[Items from a data source]
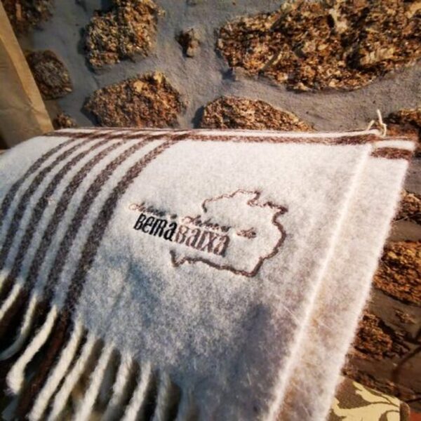 Cobertor cinza claro com franjas e bordado 'Beira Baixa'
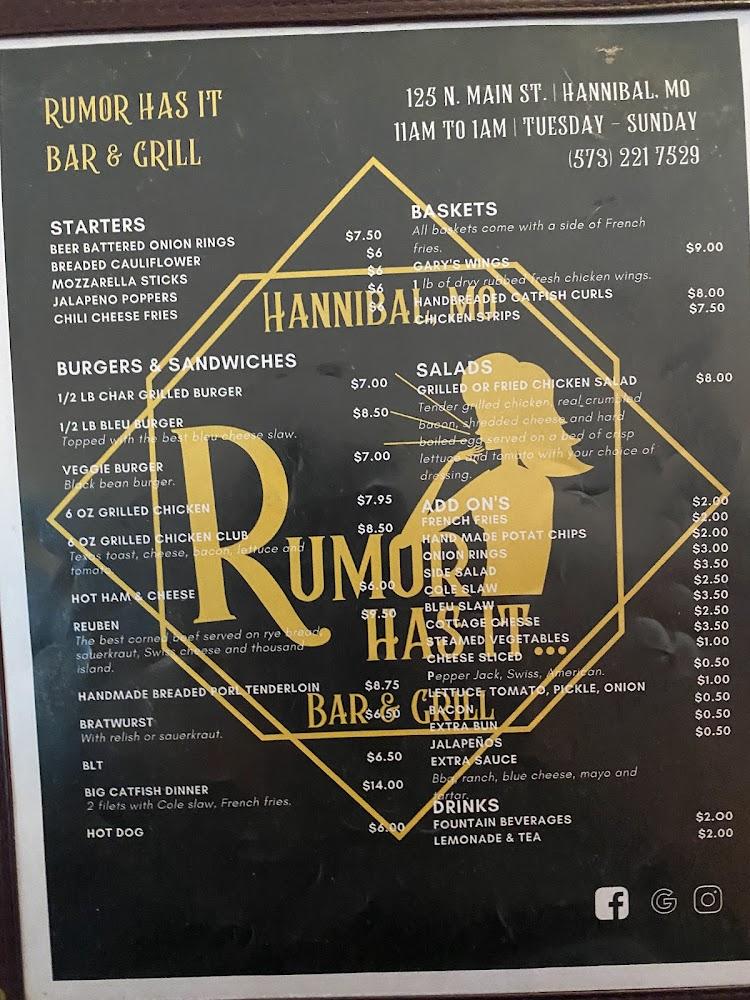 Welcome to Rumor Has It... Bar & Grill, your ultimate destination for sports, great food, and vibrant nightlife in Hannibal, MO. Located at 125 N Main St, our lively establishment proudly offers a diverse menu featuring delicious grilled dishes, an impressive selection of cocktails, and a vast array of beers. Enjoy our welcoming atmosphere while catching the latest games, participating in karaoke, or dancing the night away at our weekend events. With accessible seating and a cozy outdoor terrace, we invite groups and solo diners alike to experience exceptional service and unforgettable entertainment. Come join the fun!
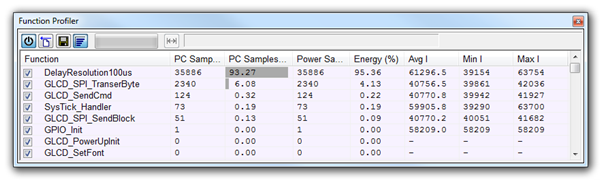 함수의 프로파일링 정보를 확인 할 수 있는 함수 프로파일러(Function Profiler) 창은 응용 프로그램이 실행되는 동안 가장 많이 시간을 소비하고 있는 함수가 어떠한 함수인지 파악하는데 유용하게 사용된다. 이러한 함수 프로파일러 창에 PC(Program Counter) 샘플 카운터 외 전류 소비량의 샘플 데이터 또한 출력할 수 있어사 함수 별 전류 소비율, 최대 전류량, 최소 전류량, 평균 전류량을 확인 할 수 있다.
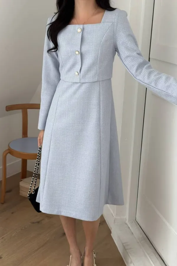 A41 1015名媛洋裝家排釦方領小香洋裝
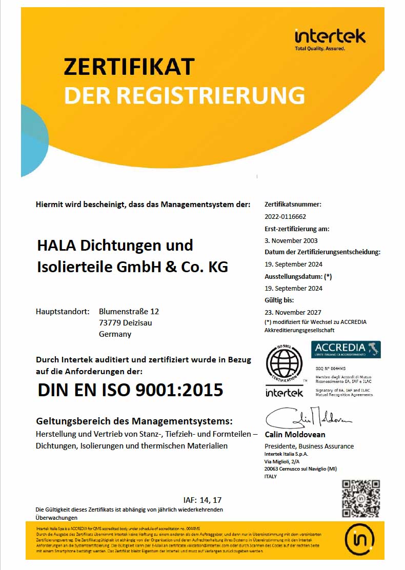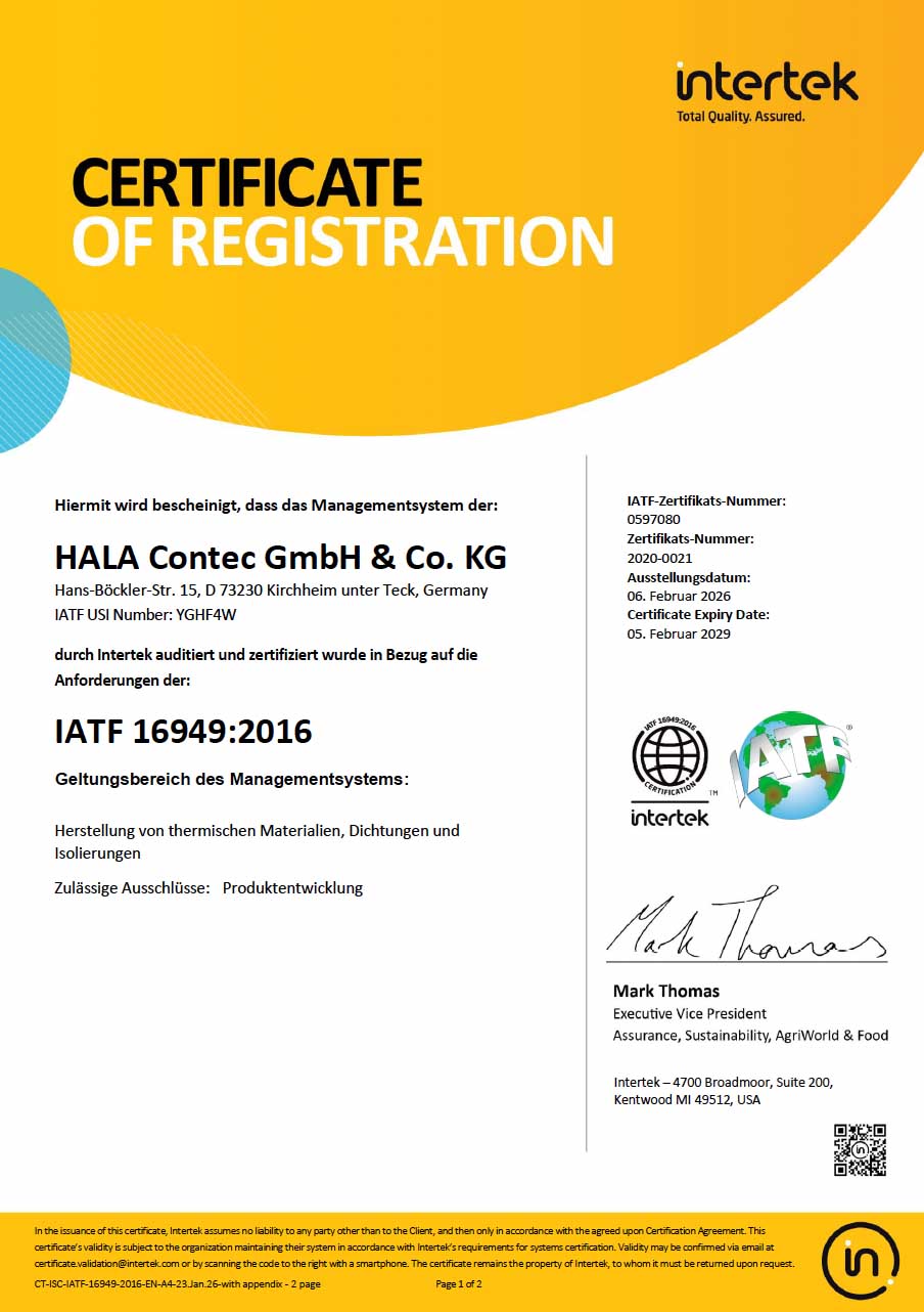Hala ist ISO 9001:2015 und IATF 16949:2016 zertifiziert.

Task objective » Only the lines from the one containing "A41 1015名媛洋裝家排釦方領小香洋裝" through the last line of the entries should be transcribed, exactly and with no pictures.

Reply to the task »
 A41 1015名媛洋裝家排釦方領小香洋裝
Hala ist ISO 9001:2015 und IATF 16949:2016 zertifiziert.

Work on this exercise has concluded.